= GXL =

GXL (Graph eXchange Language) is designed to be a standard exchange format for graphs. GXL is an extensible markup language (XML) sublanguage and the syntax is given by an XML document type definition (DTD). This exchange format offers an adaptable and flexible means to support interoperability between graph-based tools.

== Overview ==
In particular, GXL was developed to enable interoperability between software reengineering tools and components, such as code extractors (parsers), analyzers and visualizers. GXL allows software reengineers to combine single-purpose tools especially for parsing, source code extraction, architecture recovery, data flow analysis, pointer analysis, program slicing, query techniques, source code visualization, object recovery, restructuring, refactoring, remodularization, etc., into a single powerful reengineering workbench.

There are two innovative features in GXL that make it well-suited to an exchange format for software data.
1. The conceptual data model is a typed, attributed, directed graph. This is not to say that all software data ought to be manipulated as graphs, but rather that they can be exchanged as graphs.
2. It can be used to represent instance data as well as schemas for describing the structure of the data. Moreover, the schema can be explicitly stated along with instance data. The structure of graphs exchanged by GXL streams is given by a schema represented as a Unified Modeling Language (UML) class diagram.

Since GXL is a general graph exchange format, it can also be used to interchange any graph-based data, including models between computer-aided software engineering (CASE) tools, data between graph transformation systems, or graph visualization tools. GXL includes support for hypergraphs and hierarchical graphs, and can be extended to support other types of graphs.

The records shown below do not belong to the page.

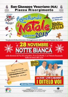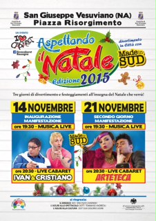 Il 14, 21, 28 Novembre sono state organizzate tre giornate di divertimento e festeggiamenti all'insegna del Natale che verrà. I tre eventi vedranno come protagonisti, tra l'altro, alcuni artisti di "Made in SUD" come "IVAN&CRISTIANO", gli "ARTETECA" ed "I DITELO VOI".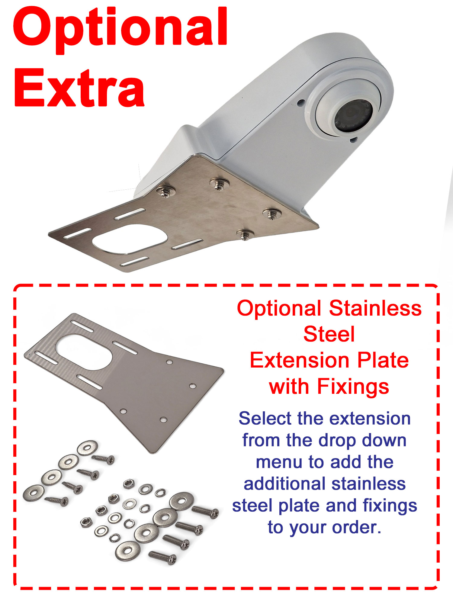 Optional stainless steel extension plate to extend camera: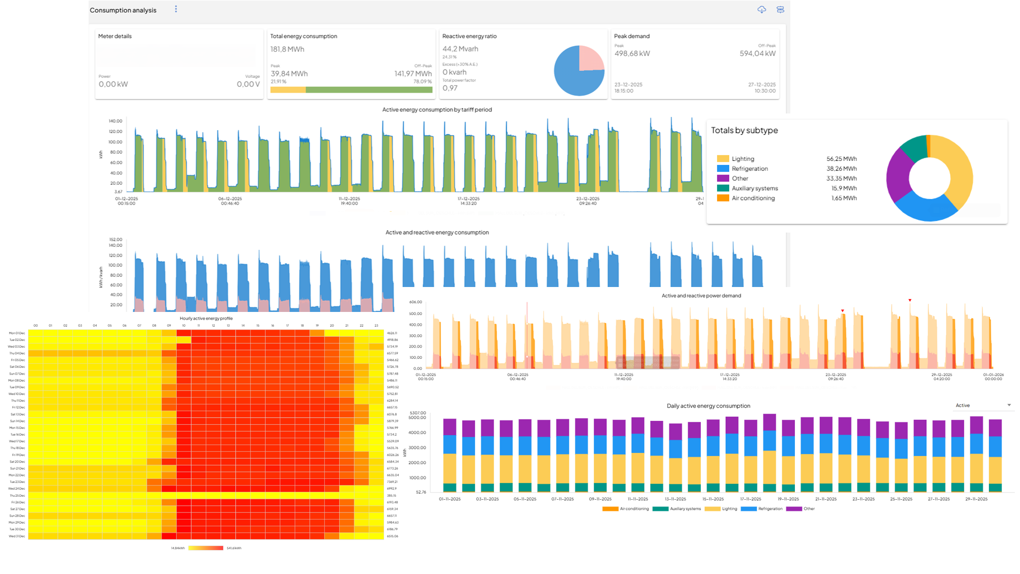 Consumption can be broken down by load categories such as lighting, refrigeration, air conditioning, auxiliary systems, or residual loads, revealing how energy is distributed across end uses. Detailed charts expose consumption patterns over time, correlate active and reactive behavior, and highlight daily trends and hourly profiles through intuitive heatmaps. This level of granularity allows energy managers to pinpoint inefficiencies, validate operational strategies, and prioritize optimization actions based on the actual sources of energy consumption.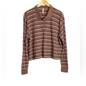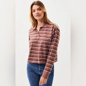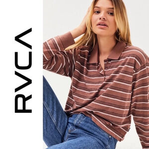 RVCA | Junction Striped Polo Long Sleeve Cropped Shirt Top EUC
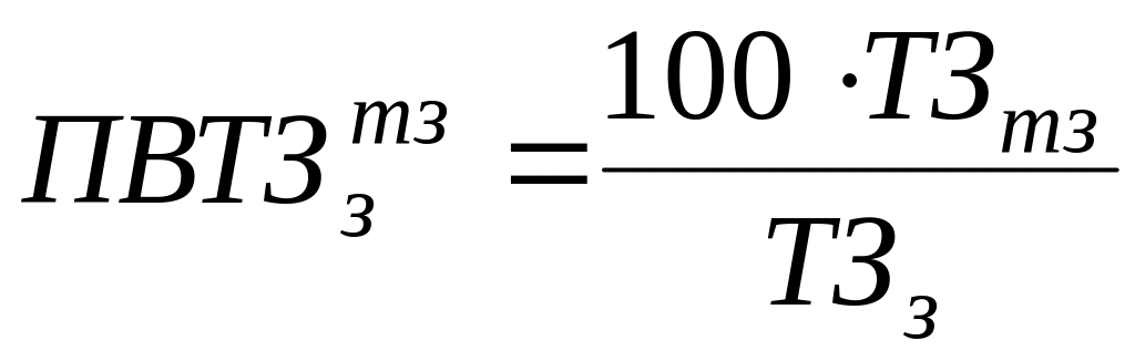 Відношення добутку 100% та середньорічних товарних запасів, що розміщуються у торговельній залі (ТЗтз), до загальної їх суми (ТЗз), відсотків |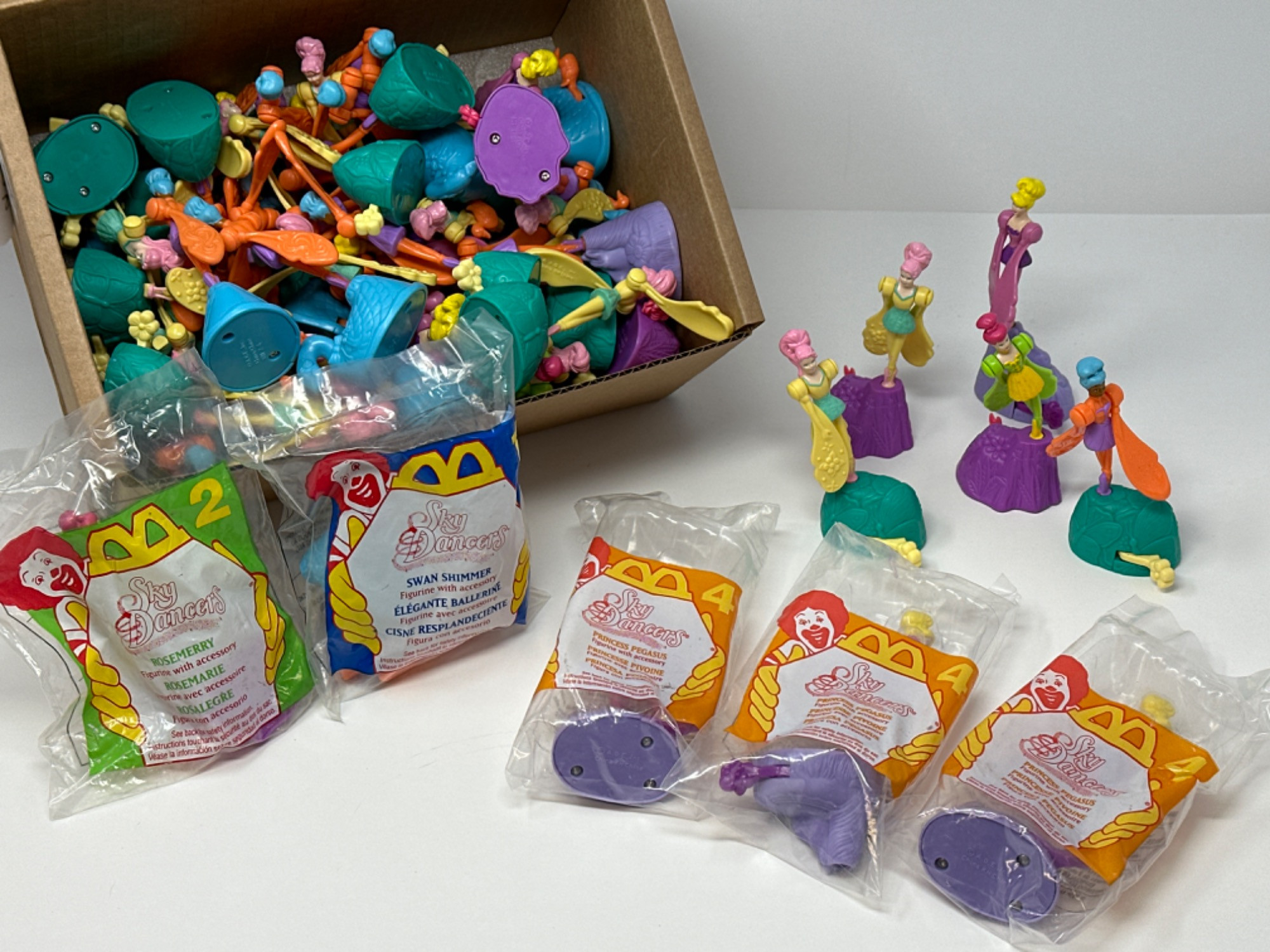 Box of Happy Meal Toys Some unopened packages. All Sky Dancers... bases, dancers, and some are assembled 4.5” H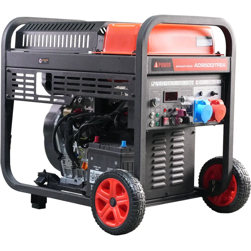Дизельный генератор AD9500iTFEA подходит как для резервного питания, так и для использования в строительстве. Инверторная технология преобразования напряжения позволяет получить идеальную синусоиду на выходе, а также сократить расход топлива. Дизельный генератор AD9500iTFEA имеет электрический стартер для запуска. Есть выход для подключения блока автоматики, генератор будет запускаться сам при отсутствии основной сети в доме.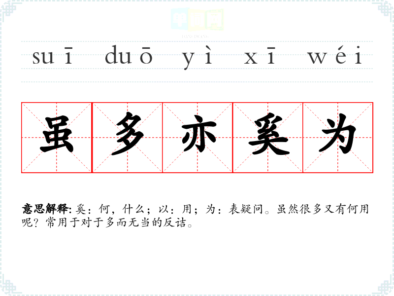 | 虽多亦奚为 | 奚:何,什么;以:用;为:表疑问。虽然很多又有何用呢?常用于对于多而无当的反诘。 |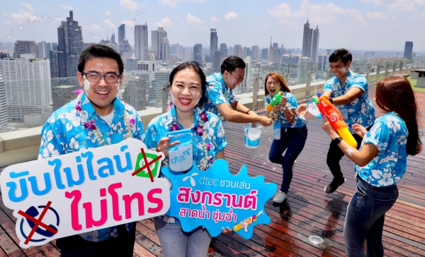นางสาวทิพยรัตน์ แก้วศรีงาม รองประธานเจ้าหน้าที่บริหาร กลุ่มการขายและงานบริการ บริษัท โทเทิ่ล แอ็คเซ็ส คอมมูนิเคชั่น จำกัด (มหาชน) หรือดีแทค พร้อมด้วยร้านค้าตัวแทนจำหน่าย ร่วมฉลองสงกรานต์ปีใหม่ไทย ขอให้ประชาชนเดินทางปลอดภัย และมีความสุขในช่วงวันหยุดยาวนี้ สำหรับลูกค้าดีแทค ที่มาทำธุรกรรมที่ศูนย์บริการดีแทค ในช่วงเทศกาลสงกรานต์ ดีแทคแจกซองใส่มือถือกันน้ำ เพื่อให้ลูกค้าใช้มือถือได้อย่างไร้กังวลและสนุกสนาน เพียงแค่ชำระค่าบริการรายเดือน 500 บาทขึ้นไป หรือ ซื้อสมาร์ทโฟนรุ่นใดก็ได้ พร้อมสมัครแพ็กเกจแบบรายเดือน หรือ เปิดเบอร์ใหม่-ย้ายค่ายเบอร์เดิม พร้อมสมัครแพ็กเกจแบบรายเดือนมูลค่า 500 บาทขึ้นไป ตั้งแต่วันนี้ เป็นต้นไป หรือจนกว่าของจะหมด สำหรับลูกค้าBLUE MEMBER และ เพียงกด *140# โทรออก แล้วแสดงข้อความบนหน้าจอมือถือเพื่อรับสิทธิ์ ที่ศูนย์บริการดีแทคทุกสาขาทั่วประเทศ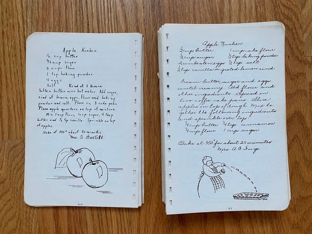 Lovely one! My mom kind of collected these “handwritten” recipe books. As a German the “Kuchen” recipes caught my eye. Apfelkuchen (apple cake) is popular here, and everyone’s grandma has “the best” recipe. 🙂

GXL originated in the merger of GRAph eXchange format (GraX: University of Koblenz, DE) for exchanging typed, attributed, ordered, directed graphs (TGraphs), Tuple Attribute Language (TA: University of Waterloo, CA), and the graph format of the PROGRES graph rewriting system (University Bw München, DE). Furthermore, GXL includes ideas from exchange formats from reverse engineering, including Relation Partition Algebra (RPA: Philips Research Eindhoven, NL) and Rigi Standard Format (RSF: University of Victoria, CA). The development of GXL was also influenced by various formats used in graph drawing (e.g. daVinci, Graph Modelling Language (GML), Graphlet, GraphXML) and current discussions on exchange formats for graph transformation systems.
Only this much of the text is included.